Opinion
Index No. 101281/09
07-17-2009
APPEARANCES: For Plaintiff: Smith & Krantz, LLP 122 East 42nd Street New York, NY 10168 By: William J. Ferral, ESQ. For Defendants: Boundas, Skarzynski, Walsh & Black, Attorneys for the Laurenco Defendants 1 Battery Park Plaza, 32nd Floor New York, NY By: Michael Chester, ESQ. Lowenstein Sandler PC Attorneys for Defendant Chetwynd Systems 1251 Avenue of the Americas New York, NY By: Jonathan T. Guldin, ESQ. Marks, O'Neill, O'Brien & Courtney, PC Attorneys for Defendant Castle Restoration 530 Saw Mill River Road Elmsford, NY 10523 By: David Henry, ESQ.
APPEARANCES:
For Plaintiff:
Smith & Krantz, LLP
122 East 42nd Street
New York, NY 10168
By: William J. Ferral, ESQ.
For Defendants:
Boundas, Skarzynski, Walsh & Black,
Attorneys for the Laurenco Defendants
1 Battery Park Plaza, 32nd Floor
New York, NY
By: Michael Chester, ESQ. Lowenstein Sandler PC
Attorneys for Defendant Chetwynd Systems
1251 Avenue of the Americas
New York, NY
By: Jonathan T. Guldin, ESQ. Marks, O'Neill, O'Brien & Courtney, PC
Attorneys for Defendant Castle Restoration
530 Saw Mill River Road
Elmsford, NY 10523
By: David Henry, ESQ. FRIED, J. :
Defendants Laurenco Incorporated ("Laurenco"), and Chetwynd Systems, Inc., ("Chetwynd"), move to dismiss the second cause of action which alleges negligence pursuant to CPLR 3211(a)(7). For the purposes of this decision, Motion Sequence 001 and Sequence 002 are consolidated, and for the reasons that follow, both motions are granted.

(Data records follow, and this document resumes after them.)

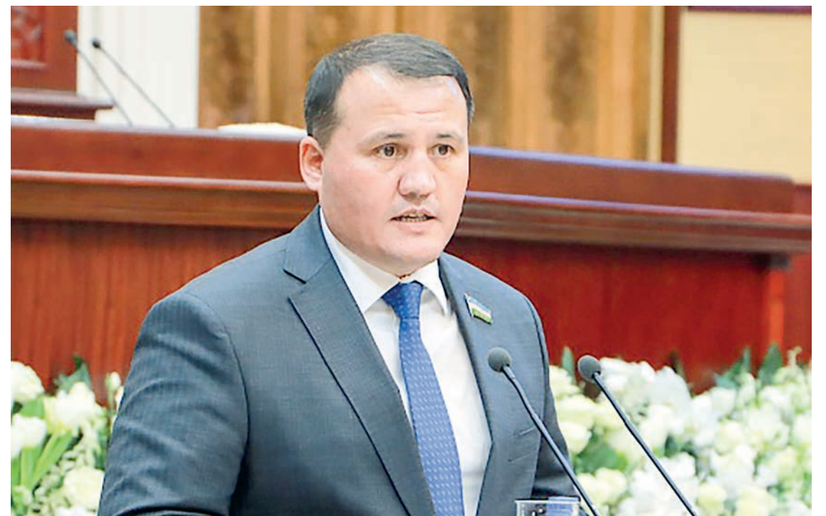
Ахтам ХАЙТОВ, O'zLiDeP Сиёсий Кенгаши Ижроия қўмитаси раиси, Олий Мажлис Қонунчилик палатаси Спикери ўринбосари
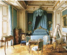
Les appartements privés

Les grands appartements se visitent uniquement avec un guide. Renseignez-vous à l'accueil du musée sur les heures de visite. Visite sans supplément.
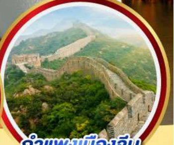
กำแพงเมืองจีน ด่านจวิ๊ยกทวน
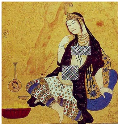
تصویر ۹. زن به همراه قلیان، محمدقاسم، اصفهان، حدود ۱۰۰۸ ه.ق / ۱۶۰۰ م. ( http://www.paintingsgalleries.com )

Plaintiff, in its "Wherefore" clause (Compl. ¶ 76). seeks contract-based relief against all the Defendants in the first and third causes of action. Plaintiff, however, does not allege the existence of a contract with Chetwynd, and therefore, Chetwynd is only a party in the second cause of action.

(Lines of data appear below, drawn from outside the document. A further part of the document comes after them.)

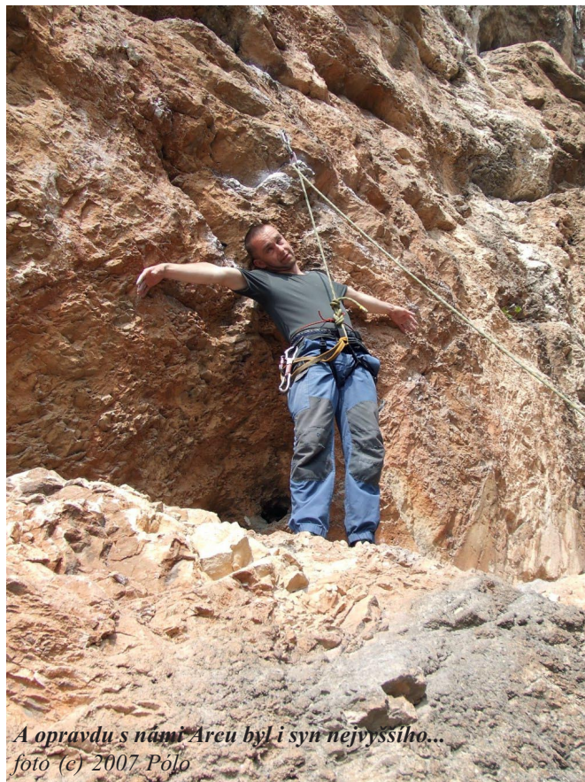
A opravdu s námi Arcu byl i syn nejvyššího...

V sobotu se do této bombastické oblasti vypraví jen učitel, Pólo a Kuba, protože Masi se rozhodl, že se nechá Radkem vytáhnout nějakým vícedélkovým 6a+ na Mt. Colodri. No a je to docela zajímavě strávený den. Nejdřív o fous unikneme policajtům před pokutou (po tom, co uzavřeli olivový háj a už se v něm nedá parkovat, je v Massone místa pro parking vážně málo) a pak si s nima vyměnili na parkovišti přímo pod stěnou místo (to zařídil Pólo – prostě tu policajtku okouzлил svým úsměvem a ona mu svým autem vycouvala a já najel na její místo - nádherná souhra). Protože jsme z toho včerejšího těžkého onsajtování utahání, lezeme málo. Trochu blbnem na slacku. Nejvíce o našem sobotním snažení snad vypoví Pólovo denní skóre. Dal jeden a půl cesty (rozuměj 3 půlky). Únavu, hlad a žízeň jdeme zahnat do picírky v centru Arca. Fajný konec dne. Večer na San Siro přijíždí
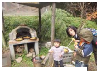
森の中クッキング
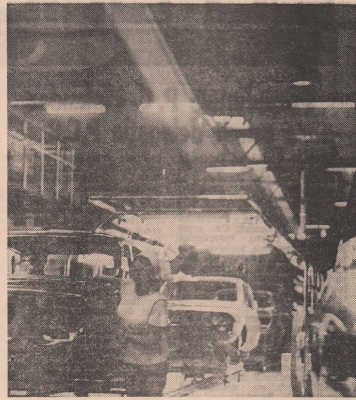
Un nou lot de autoturisme „Dacia” pe banda de finisaj

Plaintiff is the owner of a building located at 209 Elizabeth Street, New York, New York ("the Building"). The Building is an 1868 three story, timber and brick firehouse. It is comprised of three roof levels and a one story extension. According to the Complaint, Laurenco, Chetwynd, and Castle Restoration & Construction Inc., ("Castle"), ("the Defendants"), were hired by Plaintiff to install a waterproof roofing system at the Building. Each defendant played a different role in the installation. Laurenco is a manufacturer and distributor of roofing materials and products, Chetwynd is Laurenco's representative, and Castle is a building contractor licensed to install Laurenco waterproofing systems. (Compl. ¶¶ 6-8, 14).
On August 26, 2005, Plaintiff sent a letter to Guido Capoiino, ("Capolino") an "agent" of Laurenco and Chetwynd, regarding a project to convert the Building into a gallery and single family residence. (Compl. ¶ 10). The letter described the work needed for the installation of a roof system, and requested assistance in identifying a contractor to install Laurenco's products. (Id.). On September 7, Plaintiff received a proposal from Castle detailing the work and materials required to install a Laurenco waterproofing system to the first floor roof of the Building ("the System"). (Compl. ¶ 12). On September 12, 2005, the proposal was signed by Plaintiff and became a contract between Plaintiff and Castle. (Compl. ¶ 17). The contract was amended on September 21, 2005 to include a provision that Castle agreed to install a 4 inch concrete wall over the System. (Compl. ¶¶ 20-21). Castle installed the System in September 2005. (Compl. ¶ 23). On December 7, 2005, Laurenco issued a guarantee to Plaintiff ("the Guarantee"). (Compl. ¶ 24). The Guarantee states that Laurenco and Castle agree "to cause to be repaired any leaks in the Laurenco System ... for a period of 20 years from the date of completion." (Laurenco's Notice Of Motion To Dismiss, Ex. B).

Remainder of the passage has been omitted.